# [Instructions to follow]
Using the data below, reproduce exactly the lines from the line with "- Západní Karibik: zastávky" to the line with "NEEDE – Jan", both included; pictures must be dropped.

# [Dataset content]
•••

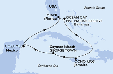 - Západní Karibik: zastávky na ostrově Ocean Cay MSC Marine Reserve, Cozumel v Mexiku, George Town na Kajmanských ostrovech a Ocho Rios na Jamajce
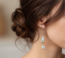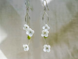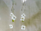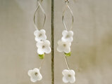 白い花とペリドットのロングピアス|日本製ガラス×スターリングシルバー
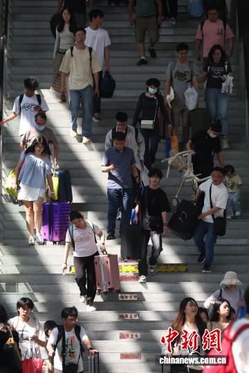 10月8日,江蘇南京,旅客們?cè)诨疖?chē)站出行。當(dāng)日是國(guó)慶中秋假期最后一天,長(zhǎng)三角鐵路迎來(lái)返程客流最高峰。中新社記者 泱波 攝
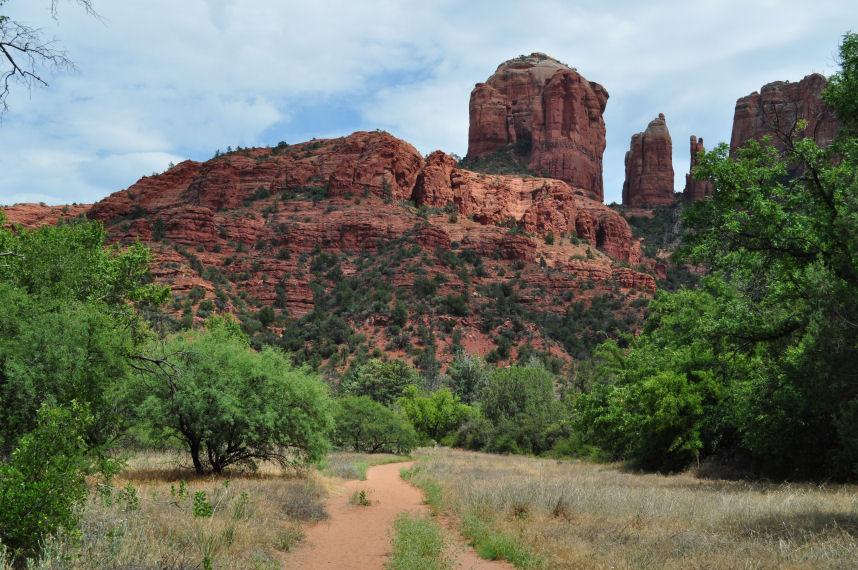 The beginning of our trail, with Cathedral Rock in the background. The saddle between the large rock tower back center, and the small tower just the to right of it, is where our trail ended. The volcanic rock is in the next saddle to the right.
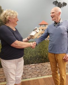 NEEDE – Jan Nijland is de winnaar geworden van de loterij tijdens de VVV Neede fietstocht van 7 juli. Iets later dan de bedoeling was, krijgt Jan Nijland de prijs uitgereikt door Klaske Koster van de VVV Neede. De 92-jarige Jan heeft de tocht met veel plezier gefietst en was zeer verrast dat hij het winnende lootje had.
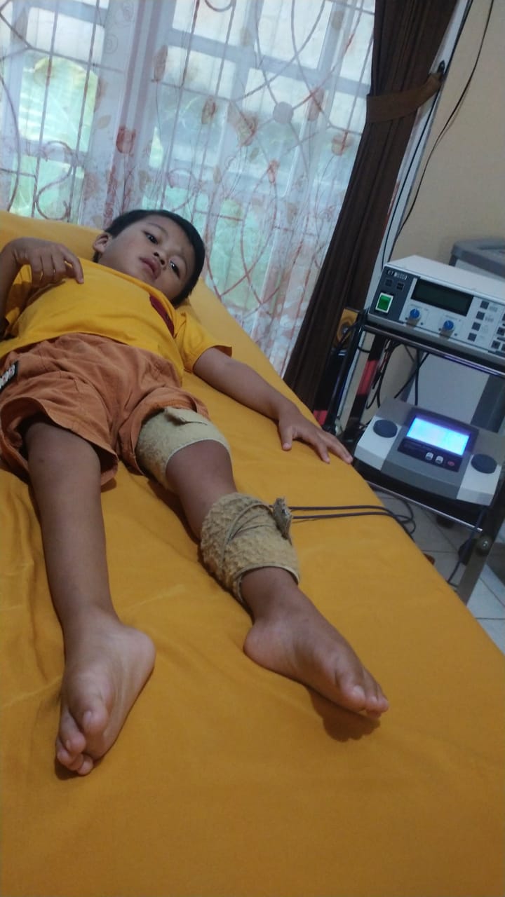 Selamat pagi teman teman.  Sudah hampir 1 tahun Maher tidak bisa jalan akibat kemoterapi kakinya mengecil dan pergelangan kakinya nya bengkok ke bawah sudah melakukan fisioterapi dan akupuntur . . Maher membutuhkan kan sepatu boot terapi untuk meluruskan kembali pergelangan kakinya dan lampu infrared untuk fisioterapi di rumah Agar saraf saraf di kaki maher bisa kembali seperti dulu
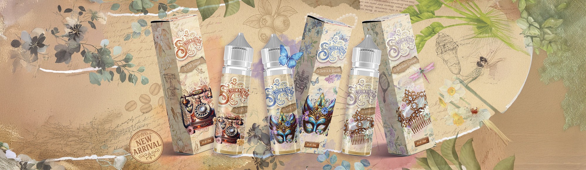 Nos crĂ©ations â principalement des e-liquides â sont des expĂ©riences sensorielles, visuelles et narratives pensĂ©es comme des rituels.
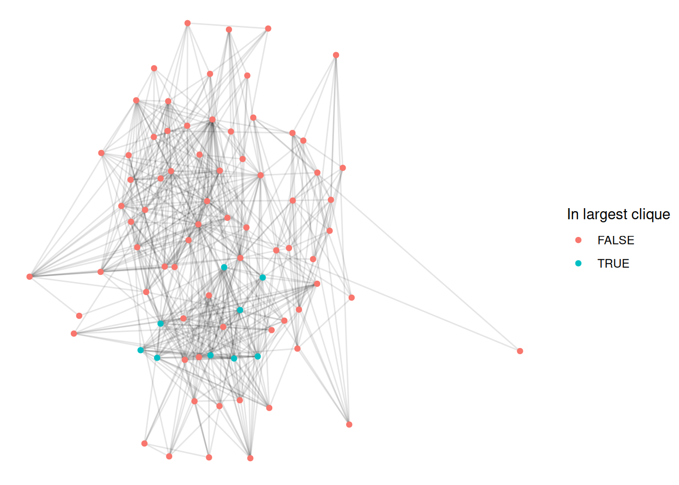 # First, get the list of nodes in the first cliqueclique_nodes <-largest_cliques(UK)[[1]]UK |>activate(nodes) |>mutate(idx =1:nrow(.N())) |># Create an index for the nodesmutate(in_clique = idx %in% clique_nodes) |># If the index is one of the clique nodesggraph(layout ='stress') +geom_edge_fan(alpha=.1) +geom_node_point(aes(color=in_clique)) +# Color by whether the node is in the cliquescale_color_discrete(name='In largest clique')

•••

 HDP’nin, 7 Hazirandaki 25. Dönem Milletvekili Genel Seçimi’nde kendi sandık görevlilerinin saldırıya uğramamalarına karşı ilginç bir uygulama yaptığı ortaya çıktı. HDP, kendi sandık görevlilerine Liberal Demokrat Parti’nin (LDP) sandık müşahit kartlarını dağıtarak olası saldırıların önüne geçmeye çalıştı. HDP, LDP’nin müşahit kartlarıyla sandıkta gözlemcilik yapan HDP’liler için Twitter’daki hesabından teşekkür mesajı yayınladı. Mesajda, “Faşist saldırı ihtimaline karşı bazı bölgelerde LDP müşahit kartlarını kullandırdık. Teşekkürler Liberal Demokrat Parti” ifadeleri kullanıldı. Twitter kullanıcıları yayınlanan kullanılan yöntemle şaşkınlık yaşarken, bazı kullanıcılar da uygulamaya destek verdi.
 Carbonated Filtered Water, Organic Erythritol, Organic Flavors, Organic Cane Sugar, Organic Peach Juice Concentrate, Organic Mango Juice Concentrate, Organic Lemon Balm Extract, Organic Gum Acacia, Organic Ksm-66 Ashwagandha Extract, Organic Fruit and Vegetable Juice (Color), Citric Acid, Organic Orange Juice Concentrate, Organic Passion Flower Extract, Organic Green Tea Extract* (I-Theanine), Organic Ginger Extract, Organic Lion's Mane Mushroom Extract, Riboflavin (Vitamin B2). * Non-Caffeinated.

•••

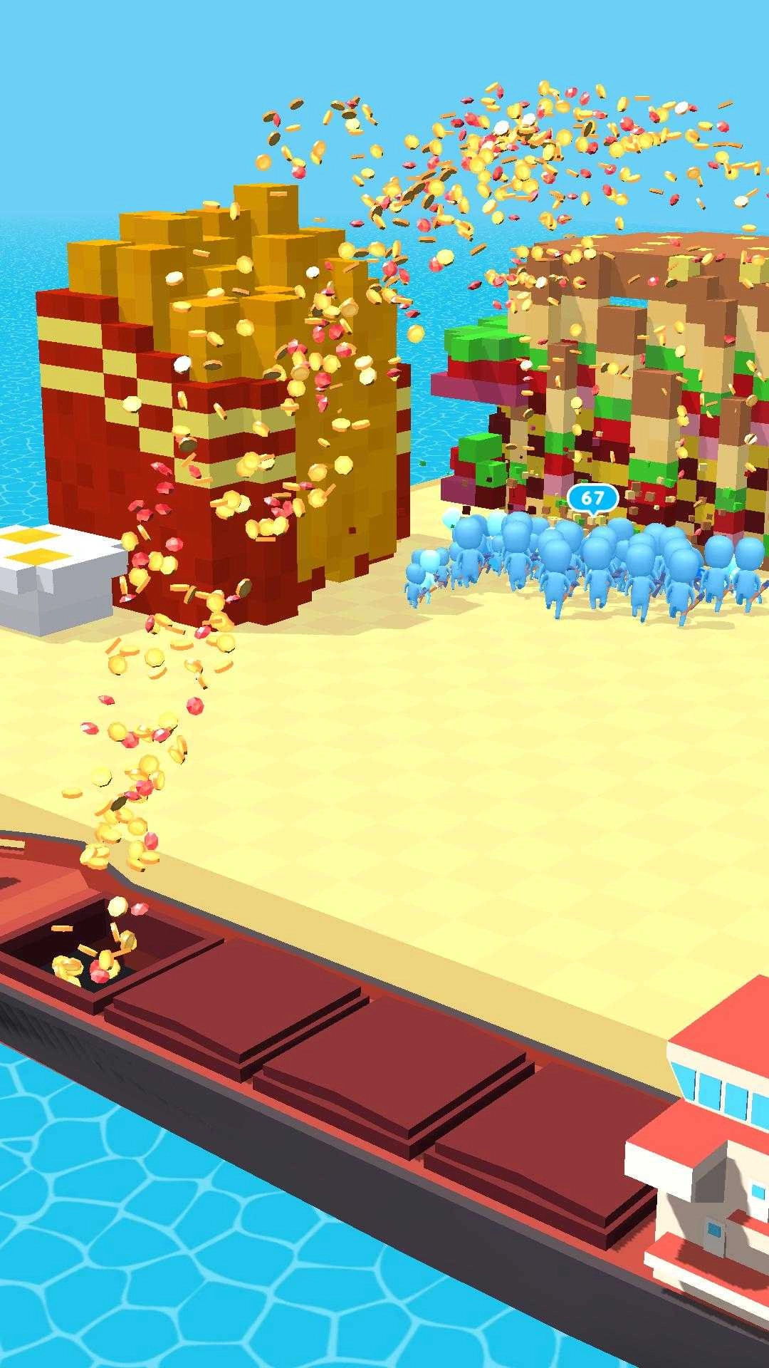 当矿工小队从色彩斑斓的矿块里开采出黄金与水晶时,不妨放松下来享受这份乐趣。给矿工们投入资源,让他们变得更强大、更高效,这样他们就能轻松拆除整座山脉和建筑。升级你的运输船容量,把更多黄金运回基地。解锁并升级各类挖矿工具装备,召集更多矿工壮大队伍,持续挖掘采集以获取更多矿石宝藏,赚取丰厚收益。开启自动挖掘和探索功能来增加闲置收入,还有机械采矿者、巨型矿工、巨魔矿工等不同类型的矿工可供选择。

•••

# [Solved problem]
 - Západní Karibik: zastávky na ostrově Ocean Cay MSC Marine Reserve, Cozumel v Mexiku, George Town na Kajmanských ostrovech a Ocho Rios na Jamajce
 白い花とペリドットのロングピアス|日本製ガラス×スターリングシルバー
 10月8日,江蘇南京,旅客們?cè)诨疖?chē)站出行。當(dāng)日是國(guó)慶中秋假期最后一天,長(zhǎng)三角鐵路迎來(lái)返程客流最高峰。中新社記者 泱波 攝
 The beginning of our trail, with Cathedral Rock in the background. The saddle between the large rock tower back center, and the small tower just the to right of it, is where our trail ended. The volcanic rock is in the next saddle to the right.
 NEEDE – Jan Nijland is de winnaar geworden van de loterij tijdens de VVV Neede fietstocht van 7 juli. Iets later dan de bedoeling was, krijgt Jan Nijland de prijs uitgereikt door Klaske Koster van de VVV Neede. De 92-jarige Jan heeft de tocht met veel plezier gefietst en was zeer verrast dat hij het winnende lootje had.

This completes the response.